(Source data)
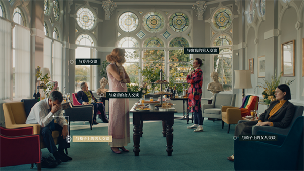 7、然后你就会来到宴会大厅你可以与他们逐个对话,根据他们口中的线索进行整合从而进一步展开行动。
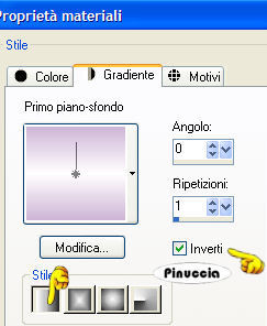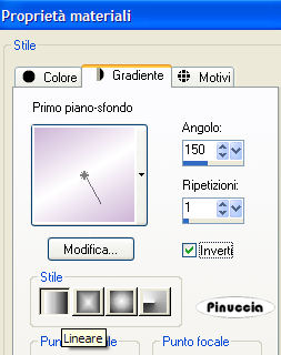 Passa il colore di primo piano a Gradiente di primo piano/sfondo con i seguenti settaggi:
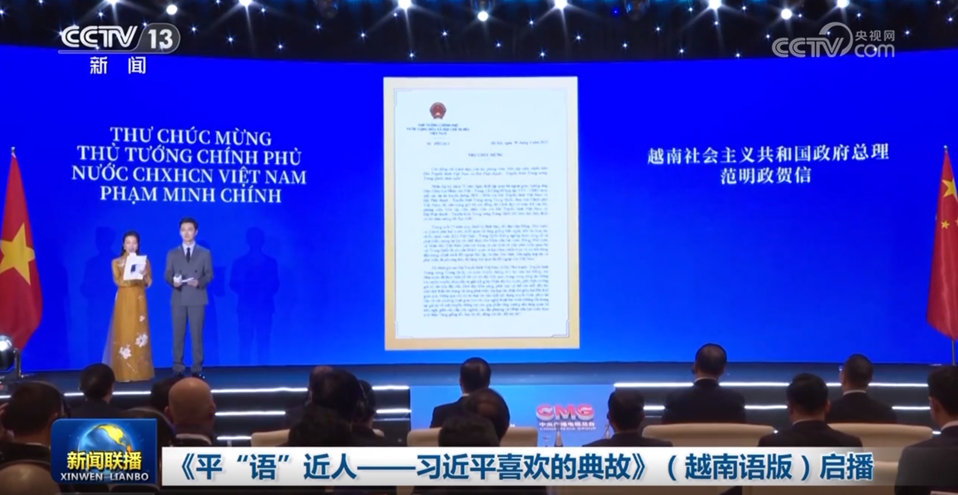 在中共中央總書記、國家主席習近平對越南進行國事訪問之際,4月14日,由中國中央廣播電視總臺制作的《平“語”近人——習近平喜歡的典故》(越南語版)在越南啟播。慶祝中越建交75周年人文交流活動同日在河內舉行。越南總理范明政致賀信,對節目播出和活動成功舉辦表示祝賀。
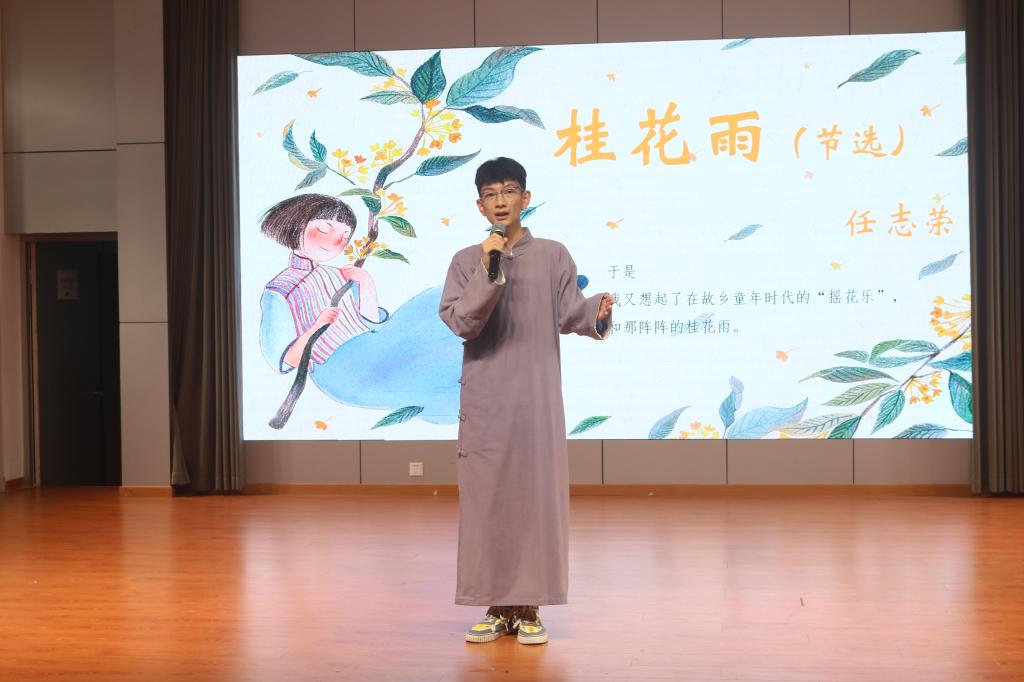 比赛伊始,参赛选手们或吟咏述怀,或喉清韵雅,呈现给观众一场“腹有诗书气自华”的视听盛宴。慷慨激昂,抒发豪情壮志;意气风发,倾吐志在四方。向经典致敬,向时代致敬,以朗诵之声传唱不朽文化。比赛接近尾声,金妮娅老师从选材、配乐、语音、语气、仪态等各方面提出了宝贵的意见。张洁老师以“情动于衷”为主题的比赛总结也使各位选手受益匪浅。
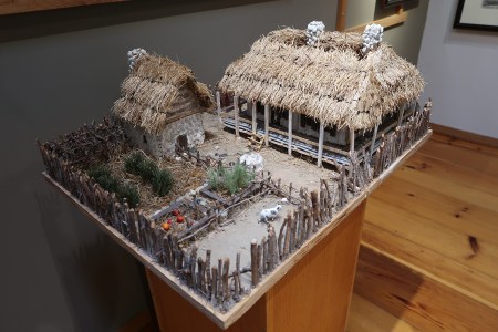 Much of historic Ste. Genevieve’s charm and ambiance is due to the remarkable preservation of its original vertical log structures. Its narrow streets and fenced gardens surround some of the most significant eighteenth-century architecture in the nation, offering visitors an unparalleled glimpse into its colonial past. “Poteaux-en-terre” construction, which means posts in the earth – vertical logs built directly on the ground. This model is in the Welcome Center. Another style was “Poteaux-sur-sol” or posts on a sill.
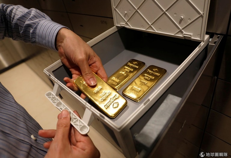 在新加坡的黃金商店內,一名工作人員小心翼翼地把一塊塊金磚放到保險箱中。根據國際金價,目前 1,000公克的金塊大約市值台幣 123萬元。
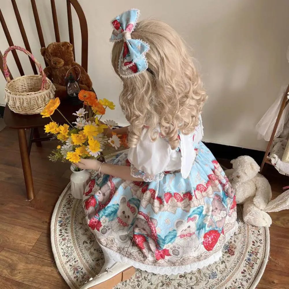 ピンクの柄が付いたプリンセスドレス,原宿カワイイ,ロリータ,コスプレ,姉妹,かわいいウサギ,イチゴ,ノースリーブ,sk,フリル,弓,チュチュ T240925142335_03
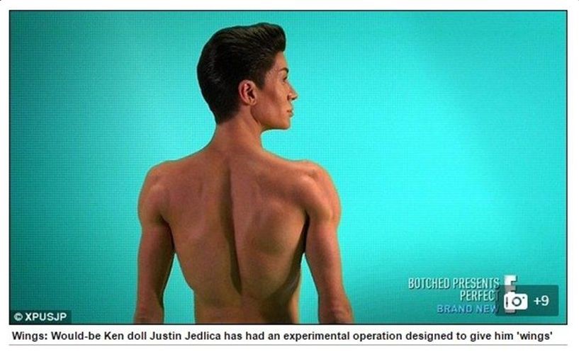 Мъжът, претърпял 190 пластични операции, за да заприлича на мъжкото Барби Кен, ляга отново под скалпела, за да си имплантира крила, пише в. "Дейли мейл".
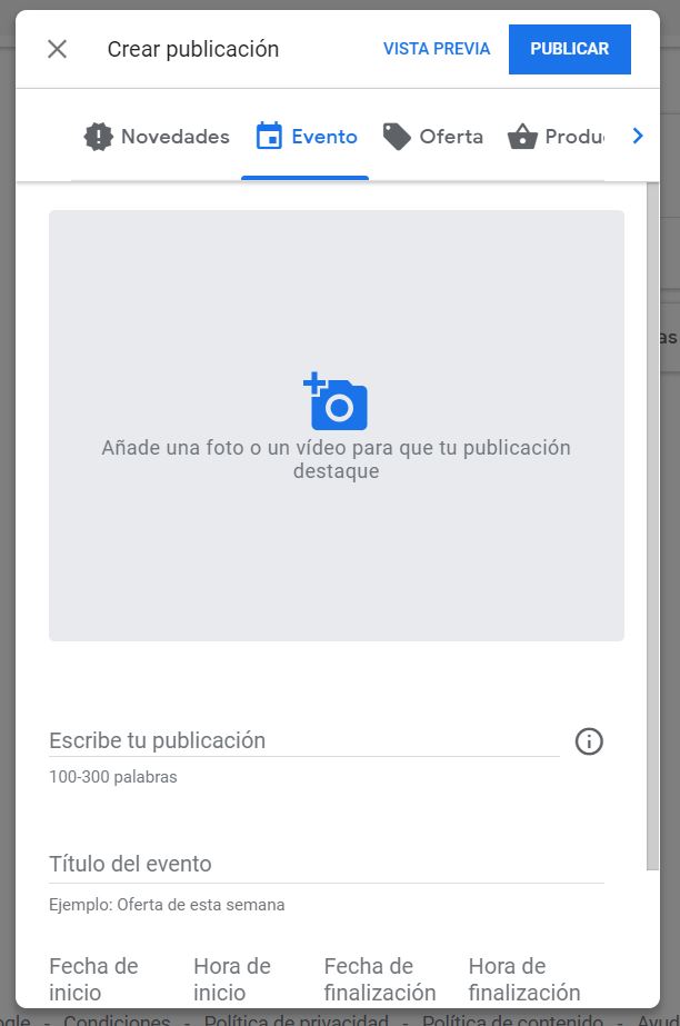 5. Se mostrarán opciones para añadir fotos, vídeos, texto, eventos, ofertas y un botón que permite acceder a la publicación. Haz clic en cada campo e introduce la información pertinente.
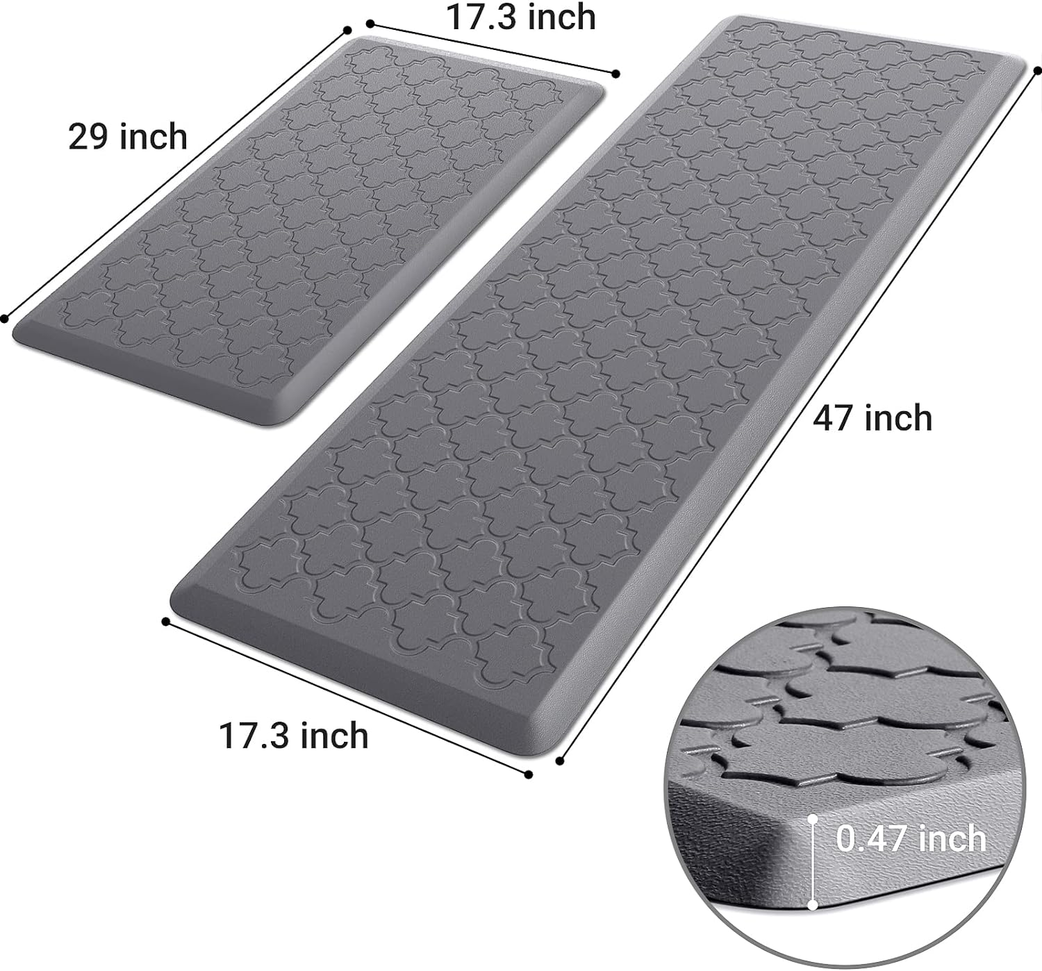 Kitchen Mat [2 PCS] Cushioned Anti-Fatigue Floor Mat, Waterproof Non-Skid Ergonomic Comfort Foam Rugs, Standing Mat for Kitchen, Floor,Office, Sink, Laundry(Grey) ANTI-FATIGUE: the anti fatigue kitchen mats are ergonomically engineered to provide greater comfort; for people who stand for long periods of time, to help posture and relieve back pain, and to ensure that you are able to stand comfortably while working PERFECT SIZE AND SAFE MATERIAL: the kitchen mat set contains 2 kitchen mats may be used separately or in combination to meet different needs; the kitchen rugs and mats made of premium PVC and thick foam, are built for long-lasting durability WATERPROOF AND EASY CARE: the kitchen floor mat are easily cleaned when water, stains, or oil splashes on the mat; wipe off the dirt with a damp cloth or hand-held vacuum as needed; This care routine saves time and ensures standing mat will last for years ANTI-SLIP: the kitchen rugs and mats is designed with a unique beveled edge; The top of the rugs for kitchen floor are designed with an embossed texture while the bottom is made of non-slip material so that the kitchen carpet does not move around VERSATILE: the standing pad provides extra large surface area for standing in laundry room, kitchen, office, farmhouse, or in front of sink or any other high-traffic indoor or outdoor space NOTE: open kitchen carpet fully place on even, flat, dry floor; Water under mat may result in slippage; mat must be placed on dry surface during use Product Description The charming color coordinates with any décor, and the thickness is perfect.Our standing desk mat can help relieve the discomfort caused by daily work in the kitchen or tasks that require long periods of standing. The ergonomic cushioned kitchen mat help to relieve pressure and provide superior comfortable support Four reasons to choose SoftDuo kitchen rugs: 1.Waterproof surface is easy to clean. 2.Thickened foam provides cushion support. 3.The non-slip bottom has a slightly raised texture o prevent slipping. 4.The unique beveled edge design to prevent tripping on th mat. kitchen cushioned floor mat laundry rug standing desk mat anti fatigue Item Thickness 0.47 Inches Material Type Free PVC Free, Phthalate Free, Latex Free Number of Items 2 Color Stylish Grey Pattern Solid Material Polyvinyl Chloride (PVC) Shape Rectangular Item Weight 5 pounds Batteries required No Size 17.3"x29"+17.3"x47" Special Feature Waterproof Product Dimensions 47"L x 17.3"W x 0.47"Th Product Care Instructions Hand Wash Only Number of pieces 2 Shipping Fast shipping is very important for us. Our standard US shipping service is FREE. Your order will be shipped within 2-3 business days upon full payment received. Your order will be delivered within 2-3 business days after the handling time. We only ship to the confirmed PayPal address. We reserve the right to cancel any order for any reason at any time. We are not responsible for undeliverable addresses. Returns and payment We offer a 30 days return policy from checkout winning date. We allow only PayPal as payment method FeedBack Your feedback very important to us, after you get your package and you are satisfied with our service please leave us positive feedback If you have any problem with your order / any questions please before leave any type of feedback For any questions, using eBay contact system Please visit our eBay store to check out other items for sale! Thank you for shopping at our store.

• **Task details**
Return the entries above in full and unchanged, omitting every image.

• **Task answer**
 7、然后你就会来到宴会大厅你可以与他们逐个对话,根据他们口中的线索进行整合从而进一步展开行动。
 Passa il colore di primo piano a Gradiente di primo piano/sfondo con i seguenti settaggi:
 在中共中央總書記、國家主席習近平對越南進行國事訪問之際,4月14日,由中國中央廣播電視總臺制作的《平“語”近人——習近平喜歡的典故》(越南語版)在越南啟播。慶祝中越建交75周年人文交流活動同日在河內舉行。越南總理范明政致賀信,對節目播出和活動成功舉辦表示祝賀。
 比赛伊始,参赛选手们或吟咏述怀,或喉清韵雅,呈现给观众一场“腹有诗书气自华”的视听盛宴。慷慨激昂,抒发豪情壮志;意气风发,倾吐志在四方。向经典致敬,向时代致敬,以朗诵之声传唱不朽文化。比赛接近尾声,金妮娅老师从选材、配乐、语音、语气、仪态等各方面提出了宝贵的意见。张洁老师以“情动于衷”为主题的比赛总结也使各位选手受益匪浅。
 Much of historic Ste. Genevieve’s charm and ambiance is due to the remarkable preservation of its original vertical log structures. Its narrow streets and fenced gardens surround some of the most significant eighteenth-century architecture in the nation, offering visitors an unparalleled glimpse into its colonial past. “Poteaux-en-terre” construction, which means posts in the earth – vertical logs built directly on the ground. This model is in the Welcome Center. Another style was “Poteaux-sur-sol” or posts on a sill.
 在新加坡的黃金商店內,一名工作人員小心翼翼地把一塊塊金磚放到保險箱中。根據國際金價,目前 1,000公克的金塊大約市值台幣 123萬元。
 ピンクの柄が付いたプリンセスドレス,原宿カワイイ,ロリータ,コスプレ,姉妹,かわいいウサギ,イチゴ,ノースリーブ,sk,フリル,弓,チュチュ T240925142335_03
 Мъжът, претърпял 190 пластични операции, за да заприлича на мъжкото Барби Кен, ляга отново под скалпела, за да си имплантира крила, пише в. "Дейли мейл".
 5. Se mostrarán opciones para añadir fotos, vídeos, texto, eventos, ofertas y un botón que permite acceder a la publicación. Haz clic en cada campo e introduce la información pertinente.
 Kitchen Mat [2 PCS] Cushioned Anti-Fatigue Floor Mat, Waterproof Non-Skid Ergonomic Comfort Foam Rugs, Standing Mat for Kitchen, Floor,Office, Sink, Laundry(Grey) ANTI-FATIGUE: the anti fatigue kitchen mats are ergonomically engineered to provide greater comfort; for people who stand for long periods of time, to help posture and relieve back pain, and to ensure that you are able to stand comfortably while working PERFECT SIZE AND SAFE MATERIAL: the kitchen mat set contains 2 kitchen mats may be used separately or in combination to meet different needs; the kitchen rugs and mats made of premium PVC and thick foam, are built for long-lasting durability WATERPROOF AND EASY CARE: the kitchen floor mat are easily cleaned when water, stains, or oil splashes on the mat; wipe off the dirt with a damp cloth or hand-held vacuum as needed; This care routine saves time and ensures standing mat will last for years ANTI-SLIP: the kitchen rugs and mats is designed with a unique beveled edge; The top of the rugs for kitchen floor are designed with an embossed texture while the bottom is made of non-slip material so that the kitchen carpet does not move around VERSATILE: the standing pad provides extra large surface area for standing in laundry room, kitchen, office, farmhouse, or in front of sink or any other high-traffic indoor or outdoor space NOTE: open kitchen carpet fully place on even, flat, dry floor; Water under mat may result in slippage; mat must be placed on dry surface during use Product Description The charming color coordinates with any décor, and the thickness is perfect.Our standing desk mat can help relieve the discomfort caused by daily work in the kitchen or tasks that require long periods of standing. The ergonomic cushioned kitchen mat help to relieve pressure and provide superior comfortable support Four reasons to choose SoftDuo kitchen rugs: 1.Waterproof surface is easy to clean. 2.Thickened foam provides cushion support. 3.The non-slip bottom has a slightly raised texture o prevent slipping. 4.The unique beveled edge design to prevent tripping on th mat. kitchen cushioned floor mat laundry rug standing desk mat anti fatigue Item Thickness 0.47 Inches Material Type Free PVC Free, Phthalate Free, Latex Free Number of Items 2 Color Stylish Grey Pattern Solid Material Polyvinyl Chloride (PVC) Shape Rectangular Item Weight 5 pounds Batteries required No Size 17.3"x29"+17.3"x47" Special Feature Waterproof Product Dimensions 47"L x 17.3"W x 0.47"Th Product Care Instructions Hand Wash Only Number of pieces 2 Shipping Fast shipping is very important for us. Our standard US shipping service is FREE. Your order will be shipped within 2-3 business days upon full payment received. Your order will be delivered within 2-3 business days after the handling time. We only ship to the confirmed PayPal address. We reserve the right to cancel any order for any reason at any time. We are not responsible for undeliverable addresses. Returns and payment We offer a 30 days return policy from checkout winning date. We allow only PayPal as payment method FeedBack Your feedback very important to us, after you get your package and you are satisfied with our service please leave us positive feedback If you have any problem with your order / any questions please before leave any type of feedback For any questions, using eBay contact system Please visit our eBay store to check out other items for sale! Thank you for shopping at our store.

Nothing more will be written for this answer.